In such an anti-gospel milieu, it appears almost impossible for the everyday Kenyan to accept that God’s reign does not reach down from the presidential State House, nor from the Parliament, nor from the heights of power and wealth, but that the God of peace only breaks through in real acts of compassion, healing and justice, only in the nonviolent liberation of the poor and oppressed.

Sharing the pain and anguish of my Kenyan brothers and sisters, I am pushed and pulled into the confrontation and indignation of their experience.  But even more I am emboldened to pursue God’s promise of peace on earth.  I am compelled to continue to confront my own country’s “wars on earth”.  I am driven to resist the present U.S. administration’s militaristic and arrogant imperialistic ambitions around the world.  I am persuaded to oppose handguns, the death penalty, abortion, racism, sexism, poverty, corporate greed and the environmental devastation of our spectacular planet Earth.

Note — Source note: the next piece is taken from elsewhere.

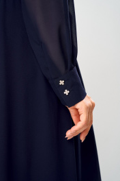 Платье женское может быть использовано как для повседневной носке, так и нарядная одежда. Платье женское, отрезное по линии талии, расширенное к низу, длинное. Верхняя часть переда с 2-мя нагрудными вытачками, с 2-мя вертикальными цельнокроенными планками, на правой части сформированная супатная застёжка на 5-ть вертикально обмётанных петель и 5-ть пришивных пуговиц; нижняя часть цельнокроенная. Верхняя часть спинки и нижняя без конструктивных особенностей. По шву соединения верхней и нижней частей платья (по линии талии) платье собрано на эластичную тесьму. Горловина круглая с втачным воротником, рубашечного типа с отрезной стойкой. Рукав втачной, длинный, одно шовный; низ рукава с 2-мя односторонними складками, с притачной манжетой, с застёжкой на 2-е обмётанные петли и 2-е пришивные пуговицы. Платье на подкладке. Платье с плечевыми накладками. К платью прилагается съёмный пояс с застёжкой на пряжку и 6-ть пробивных металлических блочек. Длина спинки пдатья 137 см, Длина рукава 63 см.

Even as I conclude this reflection, the skies suddenly break open to release a soft, gentle rain.  I am reminded of Isaiah’s “Rorate coeli desuper et nubes pluant justum”(45:8) in which the prophet expresses the world’s longing for the coming of the just one.  I pray that the refreshing rain, now at last gently falling on the parched earth of Kenya, is a prophetic sign of the coming of God’s “Just One”, showing all of us the way to that New World without war, without poverty, without injustice – peace in Kenya, peace in the world, peace at last!

Bert Ebben, OP

Ongata-Rongai, Kenya

16 January 2008

RELATED LINKS


DOMINICANS IN KENYA

A SPECIAL EYE WITNESS REPORT on Violence in Kenya from Dominican Friars

Novitiate in Exile by Kevin Kraft, OP

Who are the Dominicans in Kenya?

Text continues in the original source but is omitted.